Details and patient eligibility

About

To quantify and compare tear levels of Intense pulsed light (IPL) and traditional dry eye clinical tests in dry eye patients before and after Intense pulsed light (IPL) treatment.

Full description

Dry eye is multifactorial, mainly manifested as eye pain, visual impairment (blurred and blurry vision), tear film instability, and tear film hypertonicity, which can cause ocular surface damage. Some possible causes of DED include aging, menopause, Meibomian gland dysfunction (Meibomian gland dysfunction; MGD), Sjogren's syndrome, conjunctival fibrotic disease, refractive surgery, and systemic or topical drugs. Insufficient tear secretion or excessive tear evaporation has been demonstrated to cause precorneal tear concentration or hypertonicity, which disrupts tear film homeostasis. Tear film hypertonicity can cause cell morphological changes, inflammatory cascades, cell death, tear film instability, and further lead to tear hypertonicity. Mgd-induced Evaporative dry eye; EDE) is the most common form of dry eye]. Anti-inflammatory drugs, antibiotics, hot compress, eyelid cleaning and meibomian gland expression are the treatment standards for MGD. However, its long-term efficacy is not satisfactory due to poor patient compliance.

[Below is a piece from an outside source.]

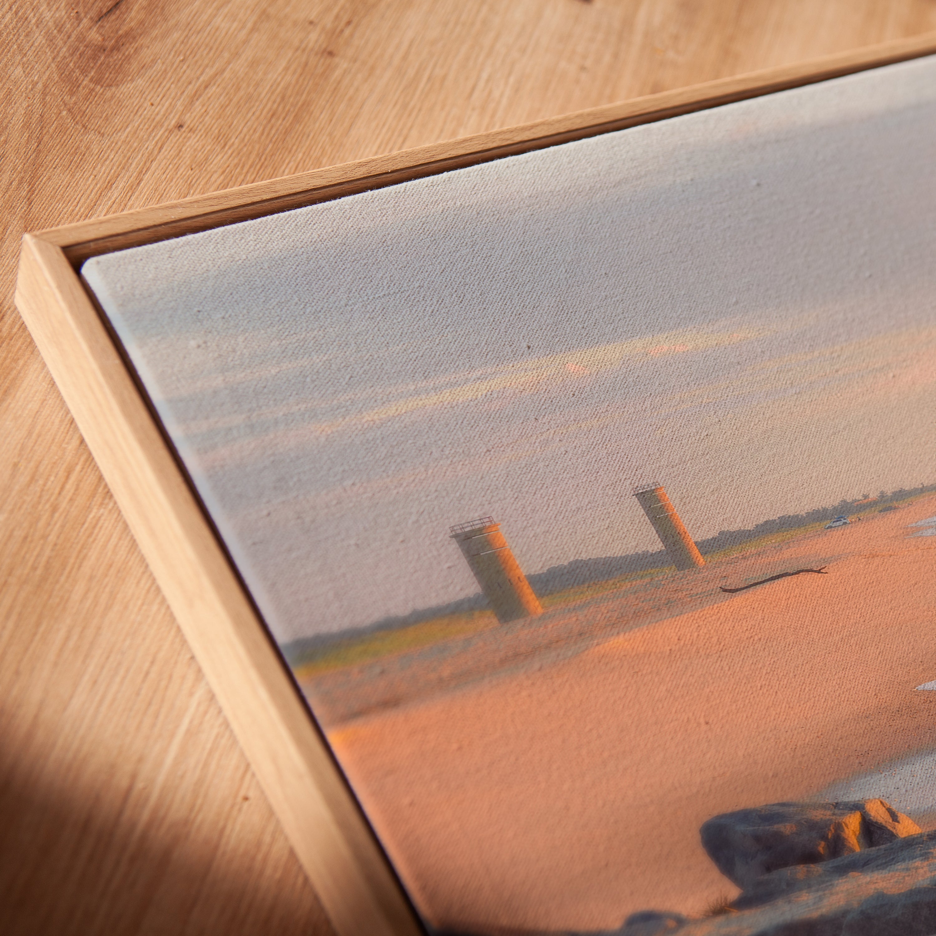 Each frame we craft is a masterpiece in itself, meticulously handcrafted from solid wood to complement and enhance the beauty of your artwork. To safeguard your investment and maintain the integrity of the colors, we use optical-grade, UV-shielding acrylic that provides superior protection while maintaining the clarity of glass. These elegant frames not only add sophistication but also offer long-lasting preservation of your artwork’s vibrancy.

MGD has been found to be associated with eyelid inflammatory disorders. Rosacea affects 5.46% of adults (range 0.09-24.1%) of whom 58% have MGD. Ocular symptoms precede cutaneous rosacea in 15 to 10% of cases, indicating the presence of subclinical variation.

Intense pulsed light (IPL) has mostly been utilized as a dermatological treatment for conditions like facial rosacea, facial erythema, acne, and seborrheic keratosis throughout the last few decades. In 2015, researchers reported the use of IPL for treating MGD to improve the signs and symptoms of DED. Two years later, the TFOS DEWS II report listed IPL as an option for treating DED. Mechanisms of IPL action include liquefication of meibum, regulate inflammation, destroy abnormal blood vessels, inhibit metalloproteinases, and photo modulation. Past studies have reported that IPL treatment modulates tear inflammatory cytokines, with improvements in tear inflammation prior to changes in dry eye signs, however, these studies have been limited by laboratory tests. It is difficult to apply in clinical practice.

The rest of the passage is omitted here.